Any method to solve this system of equation? We have m variables $ x_{1},x_{2},...,x_{m} $ which are elements of field $F_{p}$ and we are given m equations of the form 
$$\sum_{i=1}^{m} x_{i}^{n} = c_{n} \mod p \qquad for \: 1 \le n \le m$$
Can anyone give me some hint how to go about solving this system?
 A: Because any permutation of a solution is also a solution, I would try to determine the values of the elementary symmetric polynomials of the $x_i$s. Those are the coefficients $e_i$ of the polynomial
$$p(T)=\prod_{i=1}^{m}(T-x_i)=T^{m}+\sum_{i=1}^{m}(-1)^ie_iT^{m-i}.$$
The connection between the $e_i$s and the power sums $c_n$ is given by the Newton-(Girard) identities.
Caveats:


*

*If $p\le m$, then Newton won't do all of it, because using the identities would involve division by $p$, but $p=0$ in $\Bbb{F}_p$.
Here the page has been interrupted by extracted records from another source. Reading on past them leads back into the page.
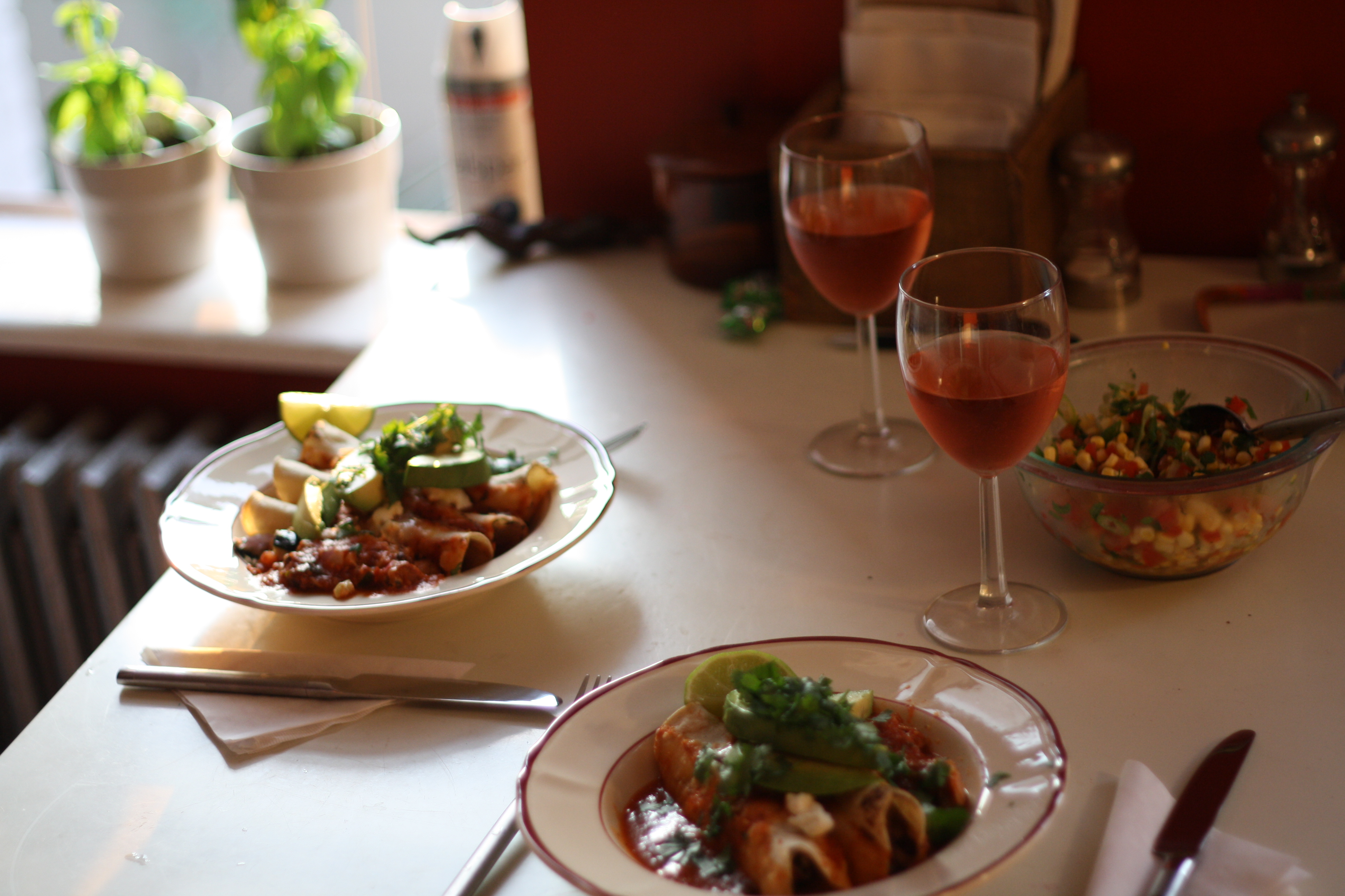 The enchiladas were ridiculously good though. How could they not be, stuffed with goats cheese and roasted zucchini? File under “how can something this good be vegetarian” and “to cook, immediately”.
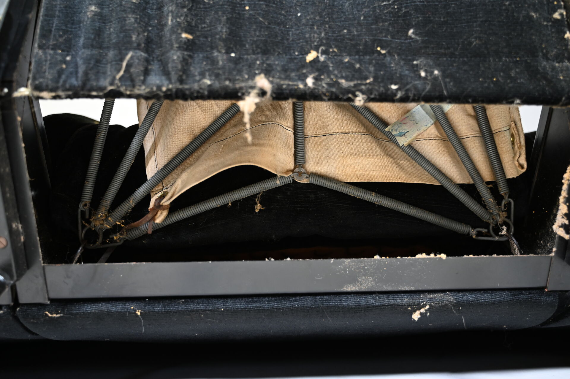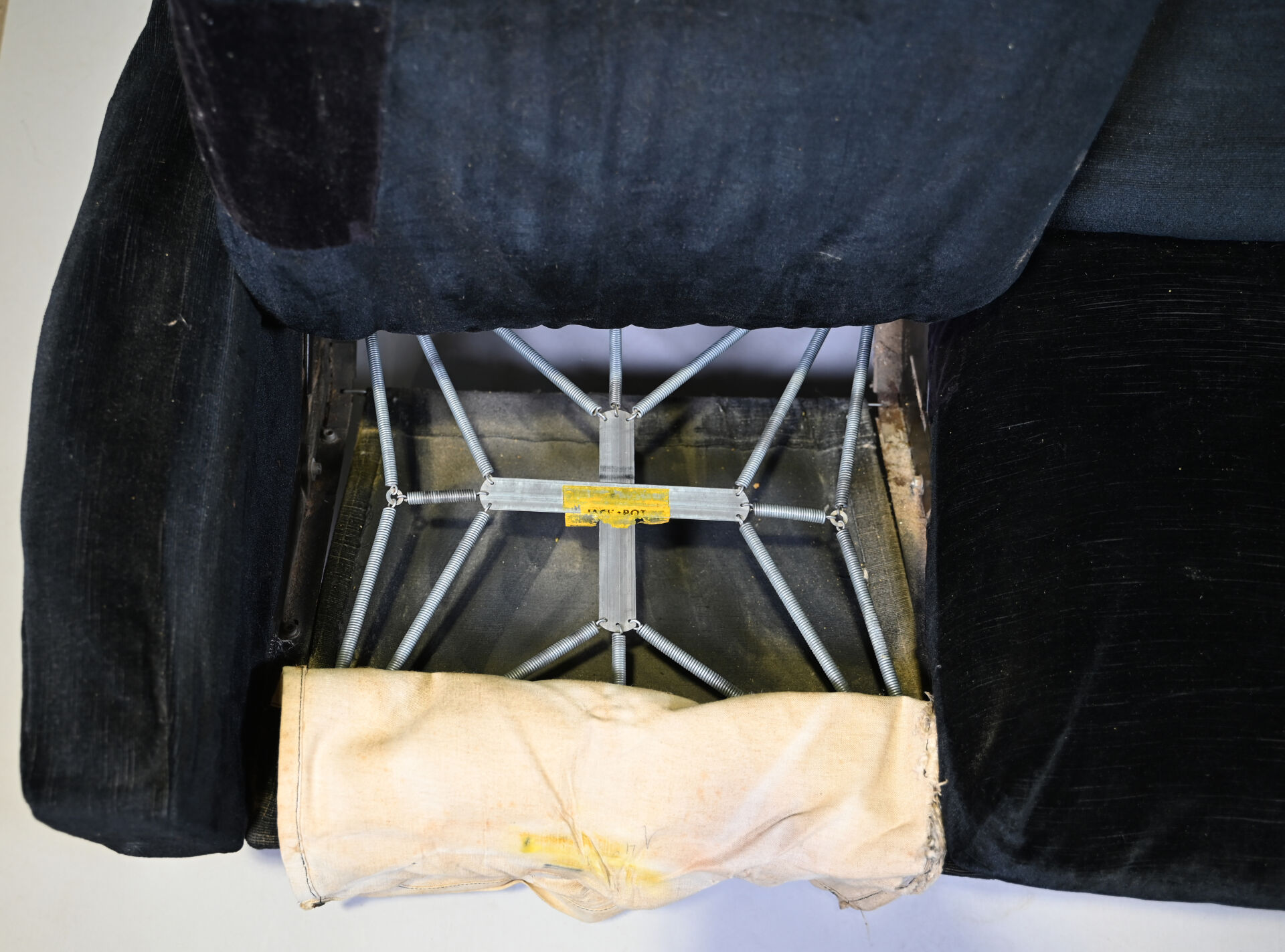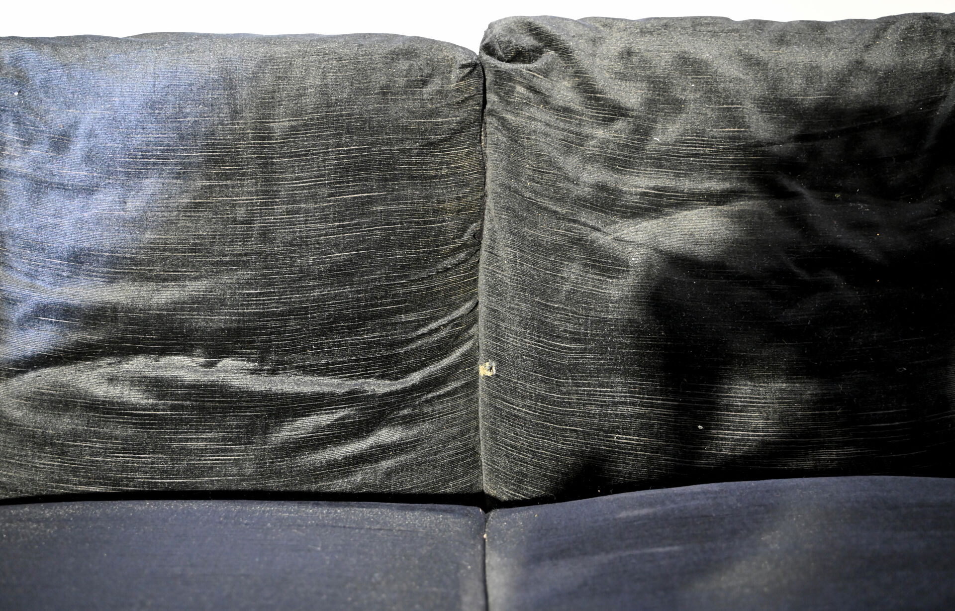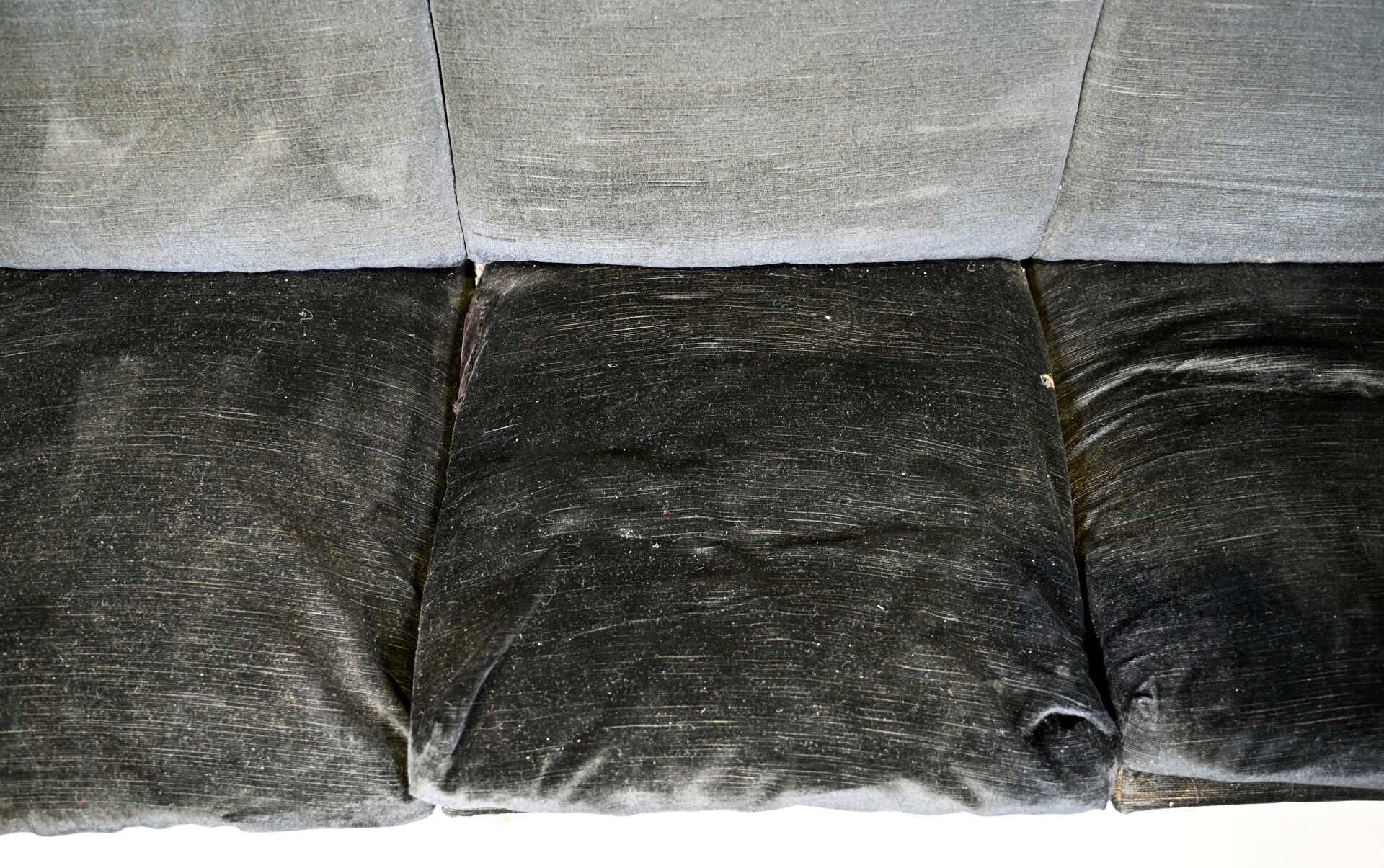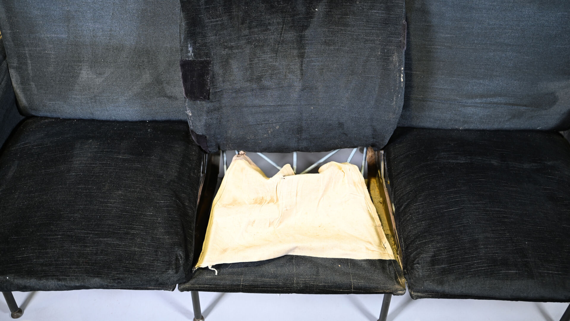 Pierre GUARICHE (1926-1995). Canapé troïka 3 places garni de velours noir (usures) Piètement métallique. Haut. : 85 cm Larg. : 180 cm. Prof. : 78 cm.
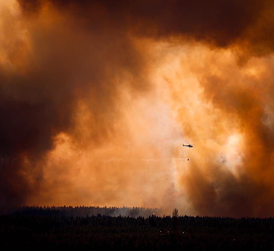 There are now 14 helicopters and two aircraft working to contain the blaze being fanned by strong winds.
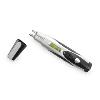 строенный в корпус уровень и светодиодный фонарик.
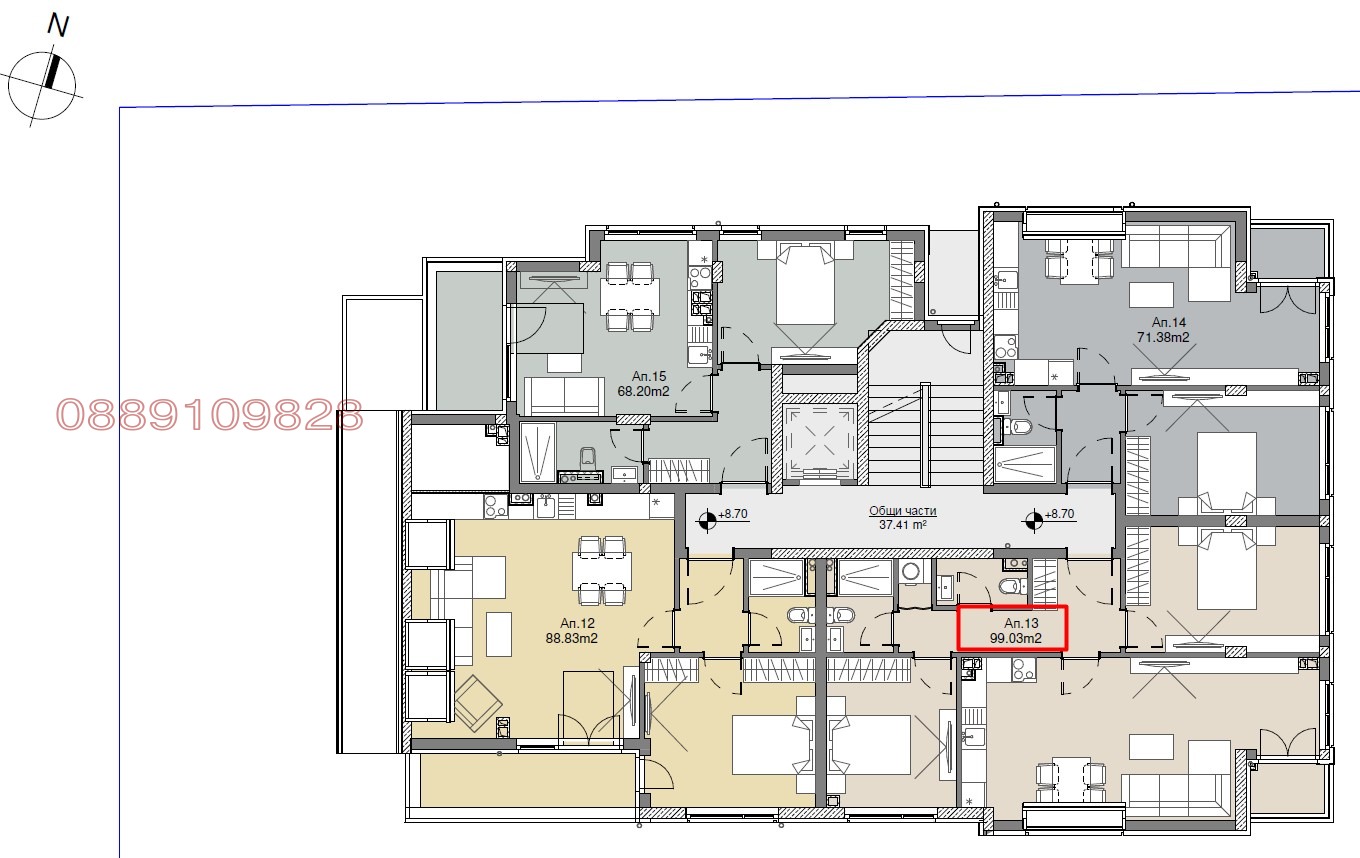 На четвърти етаж - югоизточен, 99,03 кв. м.; 212 900 евро.
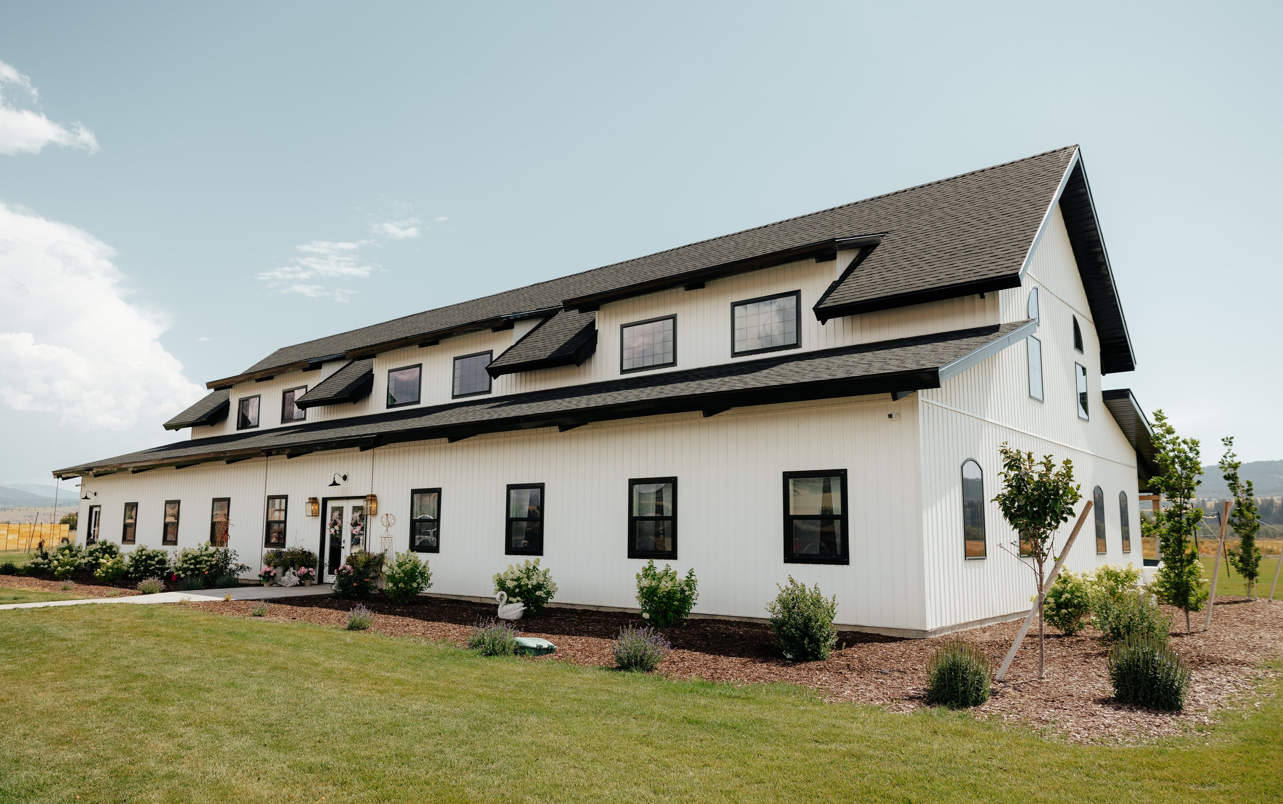 Rainey Creek Estate is a family-owned and operated event venue that offers a barn with 4,800 square feet of indoor space, and a large outdoor lawn catering to year-round, all-weather events. The barn features a prep kitchen with a service bar, restrooms on the main floor, and a private bridal loft. The large, manicured lawn stretches from the patio to the pond, offering nearly an acre of space for various activities. Regardless of the setup, panoramic mountain views provide a stunning backdrop in every direction.

*You only get the polynomial $p(T)$ out of this. You need another method for finding the zeros of $p(T)$ in $\Bbb{F}_p$. This is to some extent unavoidable - again because you can permute the $x_i$s at leisure. Successfully finding $p(T)$ and its thirty zeros gives you up to $m!$ solutions (should the $x_i$s all be distinct) for the system!


There will be trouble unless $p>m$. This is apparent already in the equation
$$
\sum_i x_i^p=\left(\sum_i x_i\right)^p.
$$
So unless $c_p=c_1^p$ there will be no solutions.